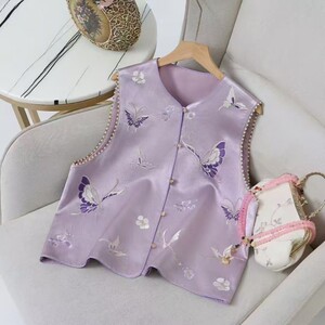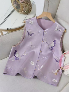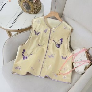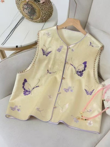 批发新中式马甲女气质百搭国风袖口珠边刺绣背心坎肩上衣无袖外套
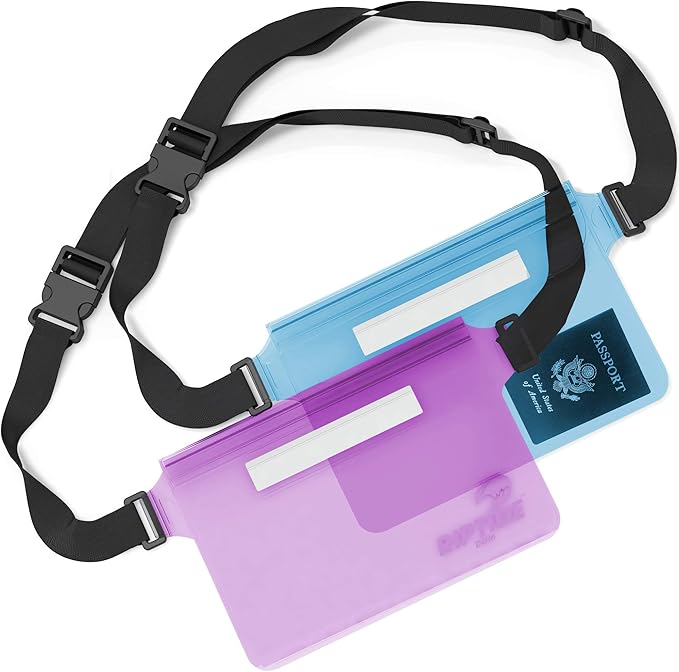 Waterproof Fanny Pack Pouch (2 Pack) for Men & Women Dry Bag Water Resistant with Adjustable Waist Strap - Protects Valuables at Water Sports (Blue & Violet)
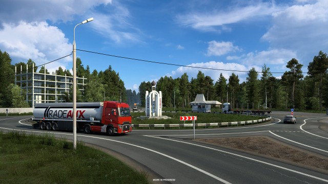 As the team makes steady progress with the Heart of Russia DLC development, there’s been a steady drip-feed of new info being rotated out to the Euro Truck Simulator 2 fanbase. The latest developer update includes a look at the prominent entrance monuments that players will encounter on their journeys between Russian settlements. These “unique structures” are made of various materials and feature all sorts of intricate designs.
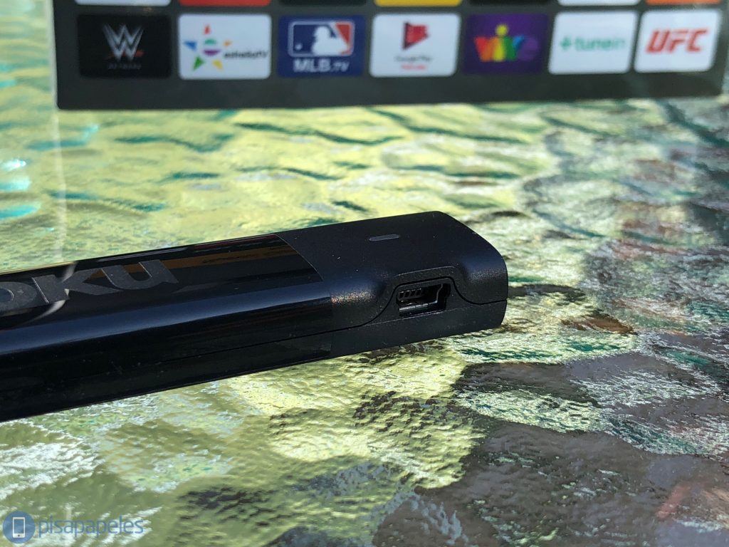 El Roku tiene una entrada Mini USB para poder recibir energía — al igual que el Chromecast — y también trae su respectivo conector HDMI para conectarlo a nuestro televisor. En la caja del Roku viene un cable de USB a Mini USB que nos permitirá usar los puertos USB de nuestro televisor para alimentar al Roku. Dicho cable también actúa como una antena que mejorará considerablemente la conexión Wi-Fi.
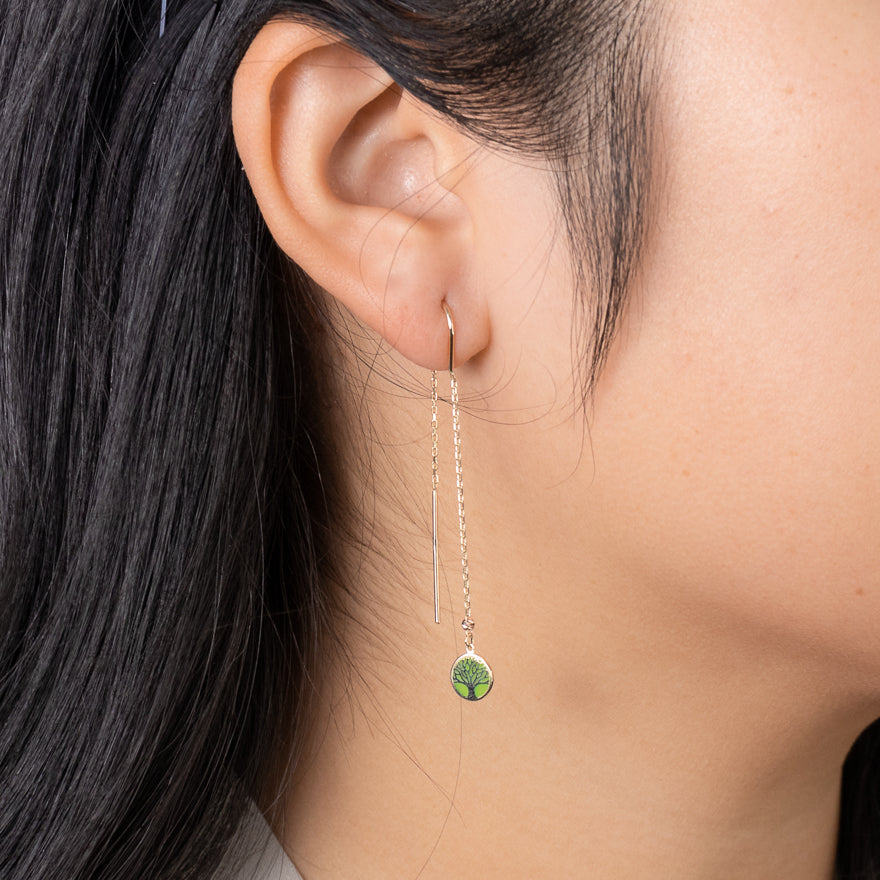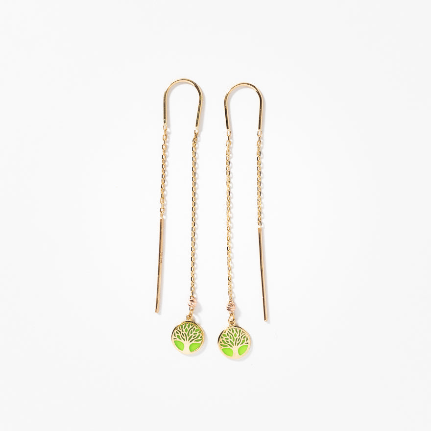 Tree of Life Long Drop Earrings in 10K Yellow Gold
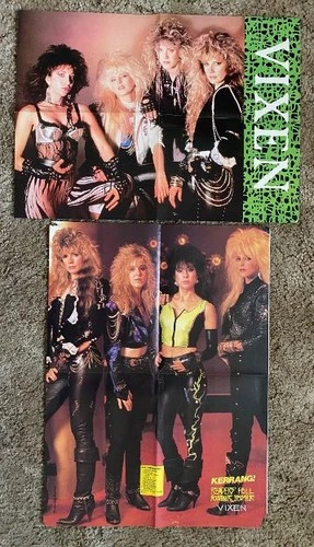 Vintage Lot of 2 Vixen Posters 18" x 22" & 17" x 23" Metal Magazine Fold-Outs
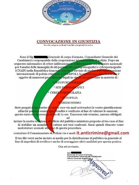 Il raggiro punta sullo spavento e sul senso di urgenza e sgomento impresso a chi riceve la comunicazione che reca tanto di filigrana tricolore e di logo con la scritta "Ministero dell'interno". Una contraffazione.
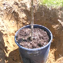 Container grown trees were originally planted in the container when very young. The root system remains intact until you plant it, inflicting none of the stress endured by being dug up and the roots cut and exposed. This gives container grown trees a slight advantage for a successful transplant. However, a tree growing too long in its’ container may become root bound, with the roots growing round and round in the container. The roots will need to be spread out, most likely will need to be cut to accomplish that. The roots will recover, but the tree has lost the “container grown advantage”.
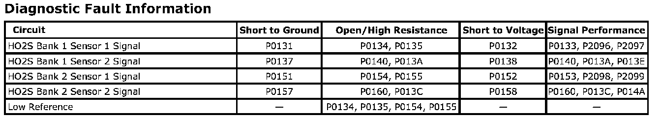 ^ Before the ECM can report that P013A, P013C, P013E, or P014A failed, DTCs P0030, P0031, P0032, P0050, P0051, P0052, P0135, and P0155 must run and pass.

* Exercise: Only the lines of the listing above from the one with "Vintage Lot of" through the one with "Il raggiro punta" should be output, exactly, with both ends kept and pictures left out.

* Answer section:
 Vintage Lot of 2 Vixen Posters 18" x 22" & 17" x 23" Metal Magazine Fold-Outs
 Il raggiro punta sullo spavento e sul senso di urgenza e sgomento impresso a chi riceve la comunicazione che reca tanto di filigrana tricolore e di logo con la scritta "Ministero dell'interno". Una contraffazione.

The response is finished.